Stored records

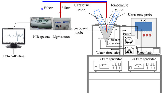 The in-situ monitoring system (Figure 6) consisted of four parts: an alternating dual-frequency ultrasound emitter (ADFU), developed by our research team and manufactured by Meibo Biotechnology Co. (Zhenjiang, Jiangsu, China), a miniature NIR fiber optic probe spectroscope (NIRQUEST256-2.5, Ocean Optics, Largo, FL, USA); a portable halogen light source (DH-2000-BAL, Ocean Optics) and a fiber optic probe (TP300, Ocean Optics).
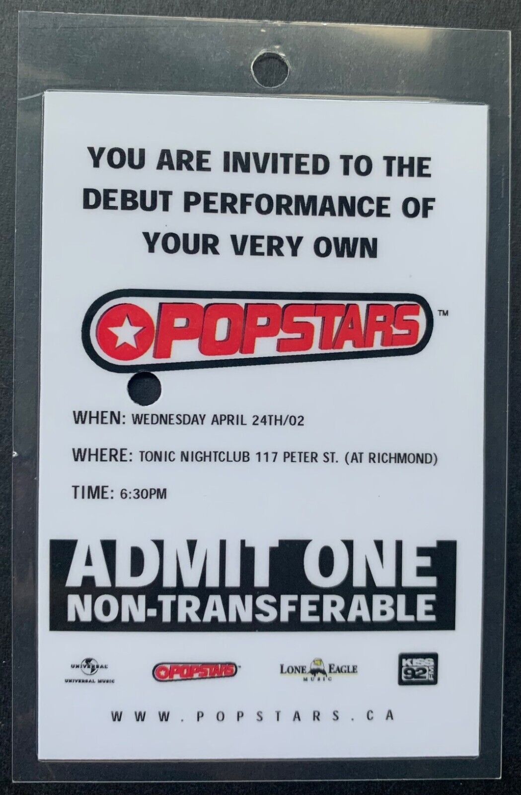 - Popstars back stage pass
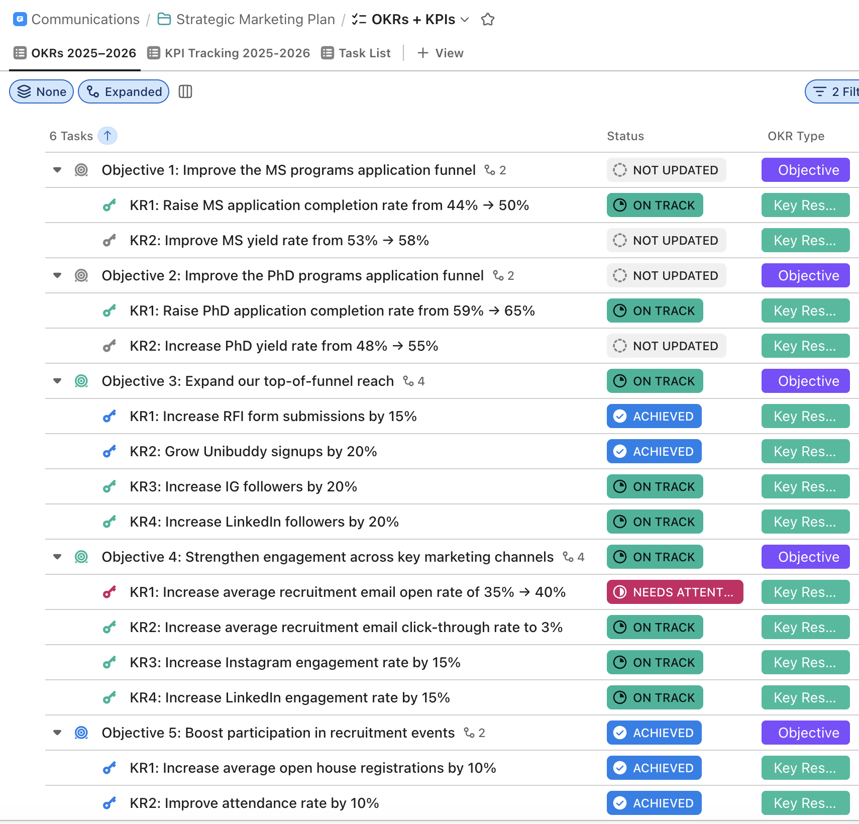 To bring focus and intention to graduate recruitment marketing, I developed and led an annual strategic marketing plan designed to replace reactive execution with data-informed decision making.
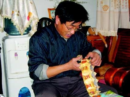 不抽烟不喝酒的王世忠,平时爱“动手”。马上过年了,王世忠又在家忙着用烟盒做糖果盒子。“谁家要是用得着,拿去用着也方便。”王世忠边忙手里的活边说。
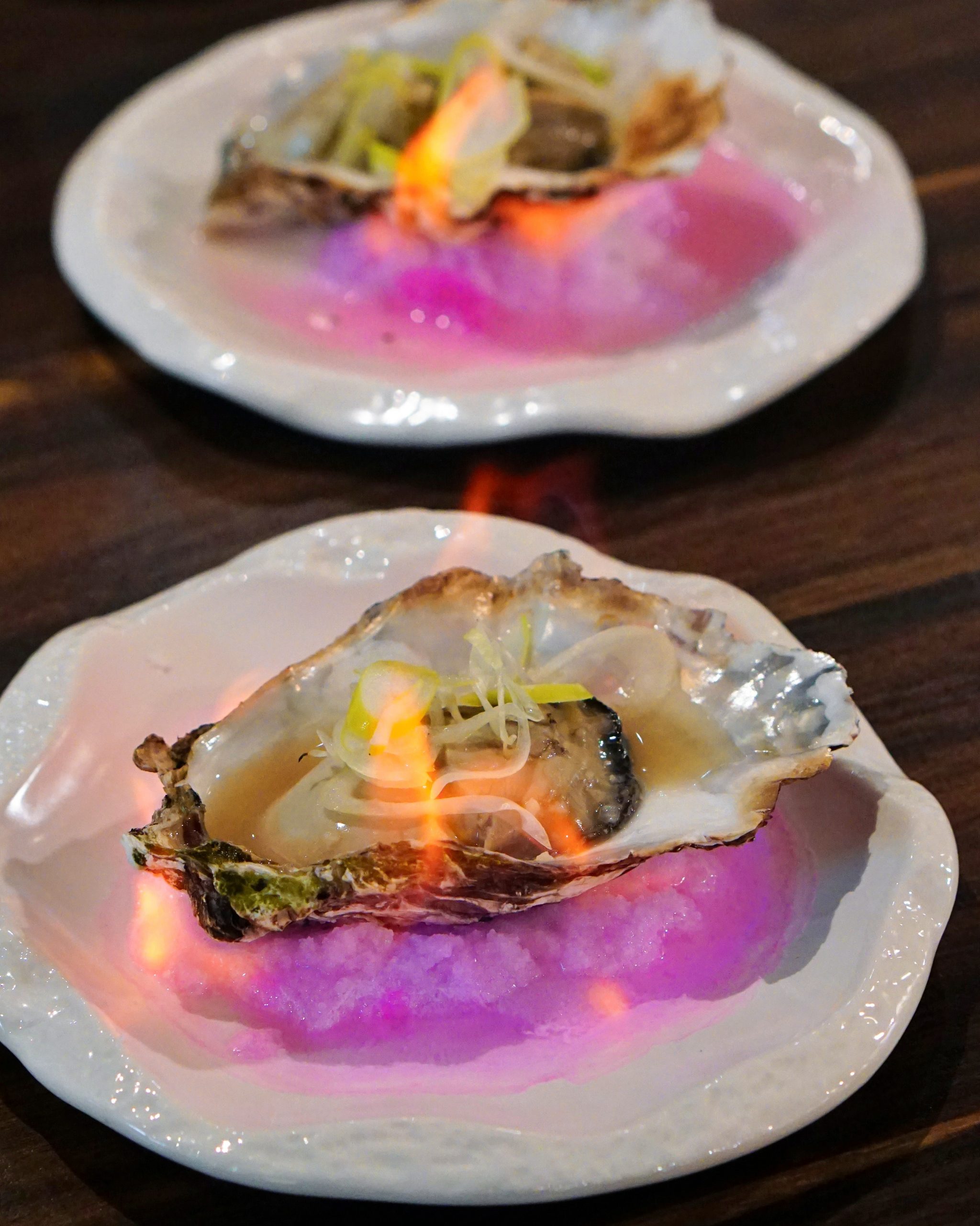 A theatrical display then arrived, in the form of Sake Jumbo Oyster, a binchotan grilled jumbo oyster with sake.
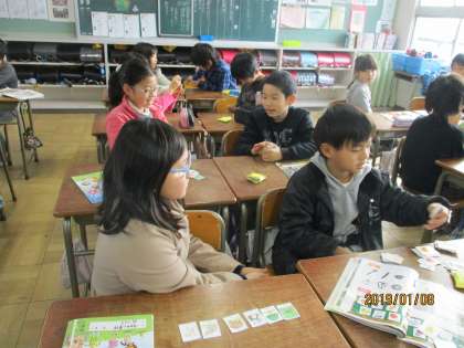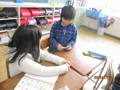 What's this ? と英語で友達にたずね、ペアで答える活動をしました。
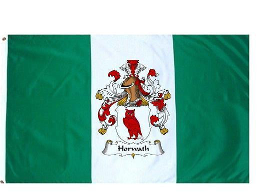 Horwath Family Crest Flag / Coat of Arms Flag. You will receive a high quality 3' x 5' Polyester flag with two brass grommets. Proudly display your family heritage with this flag, or hang as a banner on a wall. Our flags make great gifts for birthdays, weddings, anniversaries, fathers day, mothers day, groomsmen gifts, and any other occasion
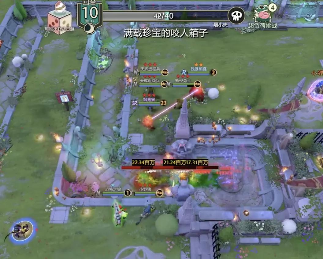 这个阶段或者更早的时候,英雄升到3星,有钱了自然是补3星装备了,部分英雄的3星关键装是A杖(阿哈利姆神杖),比如小鹿。其他英雄对A杖的优先级就没有那么高了,甚至于没有A杖效果。因为前期缺乏攻速的关系,对依赖普攻频率来输出的英雄来说灾劫之星是个不错的选择,而15波的钱箱也是单个怪不需要考虑3级的大狂战。然后就是把身上的装备能升级的都升一遍,等着打钱。如果这个阶段你发现怪基本上秒死,那么可以考虑继续拉高超负荷的等级了。这个阶段最起码是2级超负荷,稍微顺一些都可以直接4级拉满了。
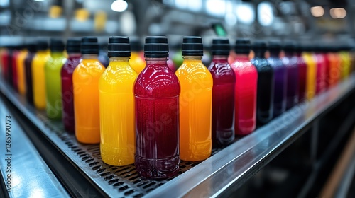 Bottles of colorful juice on a conveyor belt, industrial setting

# To do
Take the entries above and copy exactly the lines starting at the one with "- Popstars back stage pass" and ending at the one with "不抽烟不喝酒的王世忠,平时爱"; nothing outside that span, and no pictures.

# Response area
 - Popstars back stage pass
 To bring focus and intention to graduate recruitment marketing, I developed and led an annual strategic marketing plan designed to replace reactive execution with data-informed decision making.
 不抽烟不喝酒的王世忠,平时爱“动手”。马上过年了,王世忠又在家忙着用烟盒做糖果盒子。“谁家要是用得着,拿去用着也方便。”王世忠边忙手里的活边说。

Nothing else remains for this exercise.